Painting for the Saturday Evening Post cover of the March 14, 1953 issue titled "Baby Book"
Artwork images are copyright of the artist or assignee
Biography from Papillon Gallery:
George Hughes
1907-1990

George Hughes was born in 1907 in New York City. Like many other Saturday Evening Post artists, he bypassed a formal college education and studied art and mechanical drawing for three years in New York's Art Students League* and the National Academy of Design*. Once out of school, he worked as a freelance fashion illustrator. His work often appeared in such bastions of high style as Vanity Fair and House and Garden magazine.

In 1936, Hughes was offered a position in Detroit, Michigan as a Mechanical Designer for an automobile manufacturer. Unhappy with his life there and longing for a chance to illustrate for a major magazine in the East, he packed his belongings and returned home to New York. Hughes married, but unfortunately the marriage was short lived.

In New York, his career as a commercial artist would begin to take flight as he struggled to fine-tune his work. Hughes eventually married again and started a family with his new wife, Casey. It was not until 1942 that he landed his first assignment with The Saturday Evening Post by illustrating a short piece of fiction. His next assignment was to paint portraits of the top American Generals heading our wartime operations in Europe for a series of Post stories entitled "These Are the Generals." Although these early pieces were rudimentary and stiff, it would give Hughes the practice and exposure he needed to continue along his career path. As he went from photographs to live models, the quality of his art reached a new plateau. Shortly thereafter, Ken Stuart, the Post's art director, began to consider Hughes as a potential cover artist.

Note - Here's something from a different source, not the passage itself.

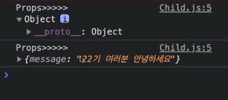 Child.js에서 console.log(this.props)를 해보니 둘 다 잘 넘어왔다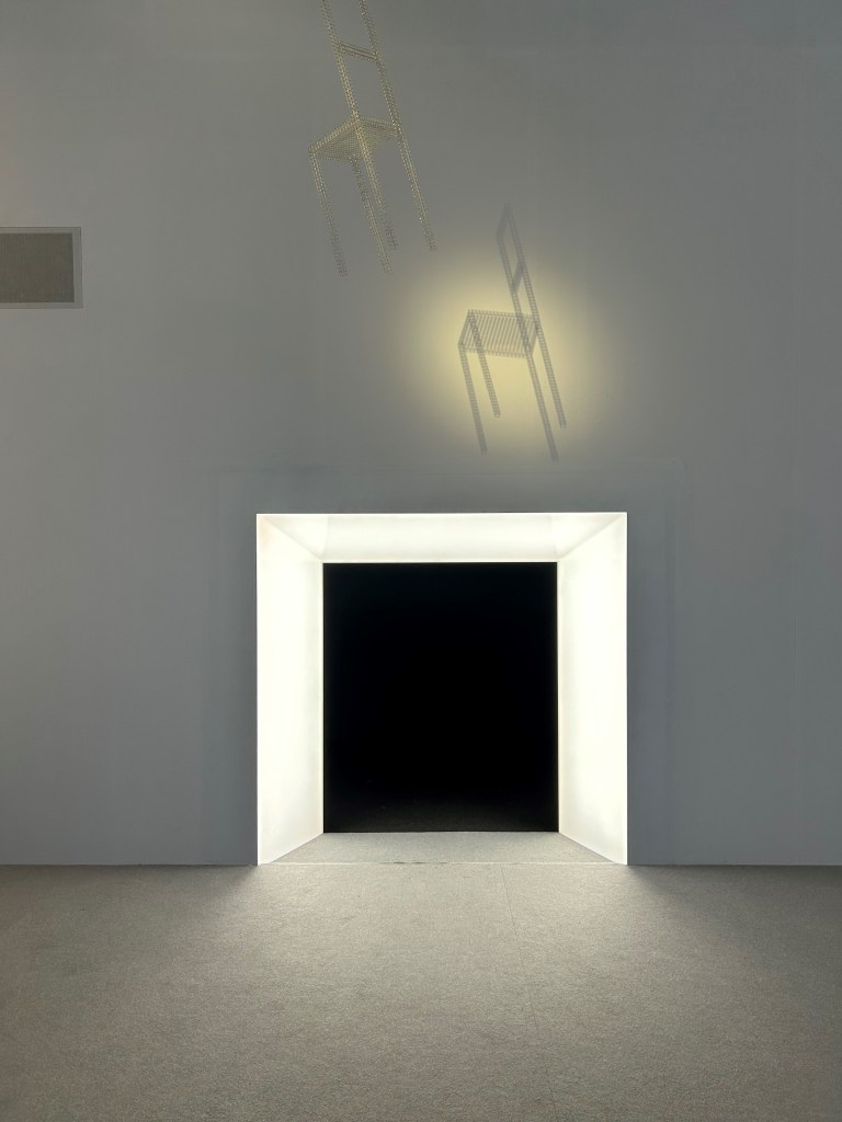 Le prochain passage est une petite ouverture très mystérieuse dans le mur. On se demande même si on peut y entrer tant l’obscurité à l’intérieur y est profonde. C’est en se baissant qu’on s’engouffre dans la troisième est dernière salle plongée dans le noir. Seul des spots directionnels illuminent les chaises exposées. La musique, ici, y est plus douce et calme.

Having secured enough work to move from New York City, George began to consider the possibility of establishing himself in a setting more fitting for his two young girls. Hearing of Arlington, Vermont through the artistic grapevine, he was drawn to this community for several reasons. Arlington was a quaint town of about 1,600 people that was situated in the foothills of the mountains at the southern end of Vermont. It maintained a rural setting with ski slopes on the horizon and fishing streams within striking distance. An added bonus was that three well-known Post artist and their families, the Rockwell's, Atherton's and Schaeffer's, were full-time residents, which lent an air of sophistication. All of these attributes were appealing to George and Casey Hughes, and in 1946, they purchased a local farm. The Hughes family immediately settled in by having a house warming. Norman Rockwell suggested a costume party, and so the Hughes concurred. It turned out to be a great way to break the ice and forge lasting friendships among this tight knit community.

Hughes’ first major artistic rendering was painted in the early fall of 1947 and showcased on the cover of The Post on April 17, 1948. Taking advice from the many artists-in-residence, his initial works reflected a work ethic and precision that had come to be the hallmark of a Post artist. George used models from the area suggested by his friends, and he spent a great deal of time making sure that all of the details of the picture were accurate. Although with time and confidence his personal style would begin to emerge with force, his humor and sophisticated styling could be detected from the beginning. Choosing themes that showed the humor behind the daily dilemma of living in this new urban society, Hughes used vibrant colors and sophisticated, fashion conscious models to create his scenes. He also favored settings and situations that were cosmopolitan and decidedly upper middle class. The women in his images were always dressed impeccably with coiffed hair and perfect make-up. The men could always be found in starched oxford cloth shirts, and pleated slacks.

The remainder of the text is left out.